WiSig is the largest WiFi RF fingerprinting dataset publicly available. It contains 10 million packets captured from 174 off-the-shelf WiFi transmitters and 41 USRP receivers over 4 captures spanning a month. WiSig is available, not just as raw captures, but as conveniently prepackaged subsets of limited size, along with the preprocessing scripts and examples.

WiSig enables deployment-scale research into RF fingerprinting. By including signals captured by a large number Rx along multiple days, it can provide a better understanding of the impact of receivers and channels on transmitter identification.

Capture and Processing

The data was captured in Orbit testbed grid. The Orbit grid consists of a 20 by 20 two dimensional grid, with each node consisting of a computer equipped with radio hardware. All nodes have at least one WiFi radio and some have USRPs.
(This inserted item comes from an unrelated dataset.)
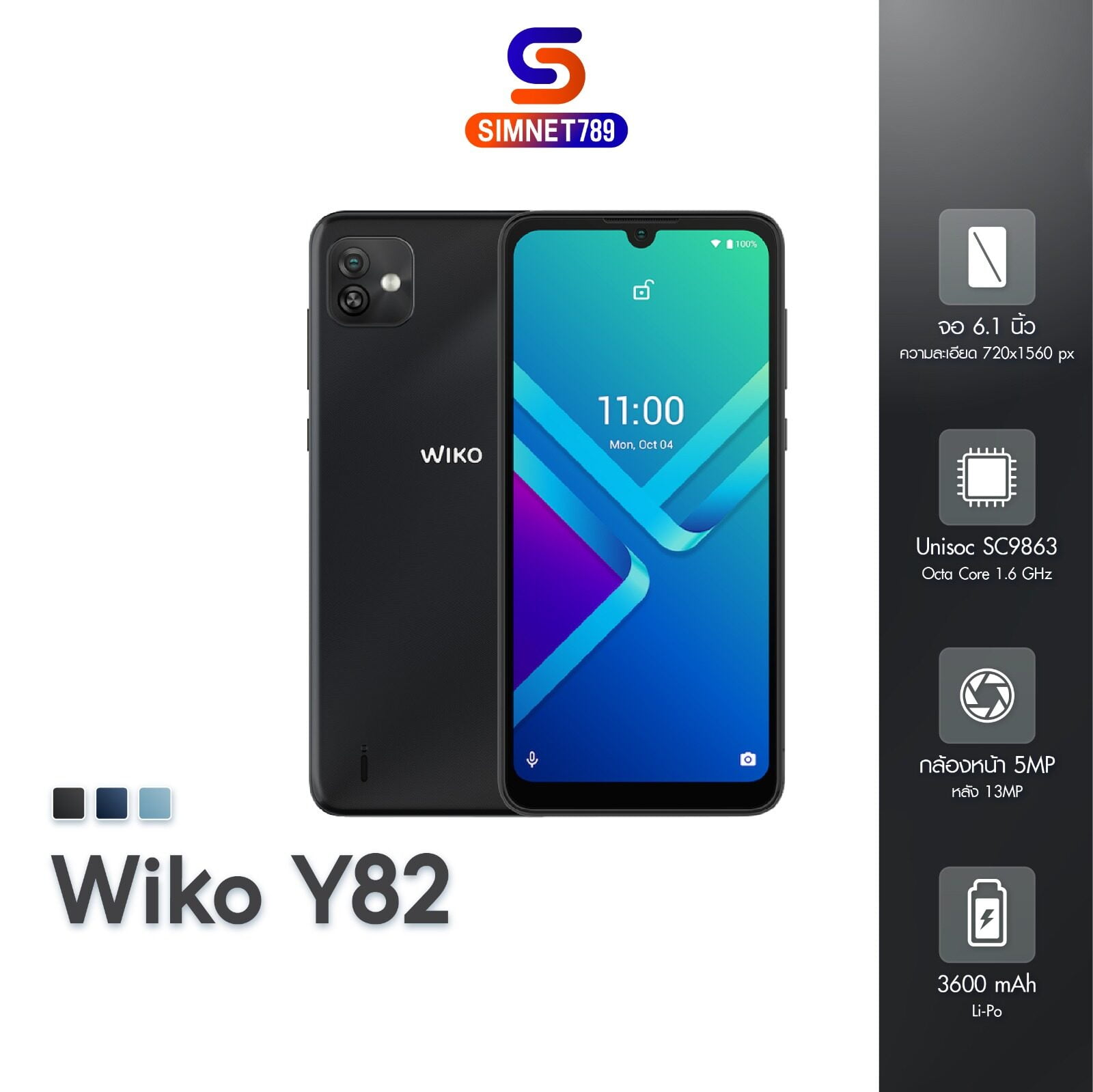 F294 [ รับประกันศูนย์ ] Wiko Y82 3/32GB มือถือ จอใหญ่ 6.1 ชิป Unisoc เเบต 3600 Alot wikoy82

In a one day capture, signals from each transmitter are captured one-at-time. Each transmitter is configured to send random bytes to a WiFi access point (AP) using the same spoofed MAC and IP addressed over the 2.4 GHz band. During this transmission, all USRP receivers are configured to capture the signals at the same bandwidth for a duration of about 0.5s. The signals captured by the USRPs without any processing constitute the Raw WiSig dataset. Raw WiSig is not directly usable for RF fingeprinting since it contains idle time and the ACK response from the WiFi AP.

The USRP captures forming Raw WiSig are then processed to obtain the identification (Id) signals. In our processing, we used energy detection to isolate the packets and remove the ACK responses. Two versions of the Id Signals are provided; the first one consists of the first 256 samples of the unprocessed preambles, the second one contains an equalized version of the same 256 samples. After processing the Id Signals, we obtain the Full WiSig dataset.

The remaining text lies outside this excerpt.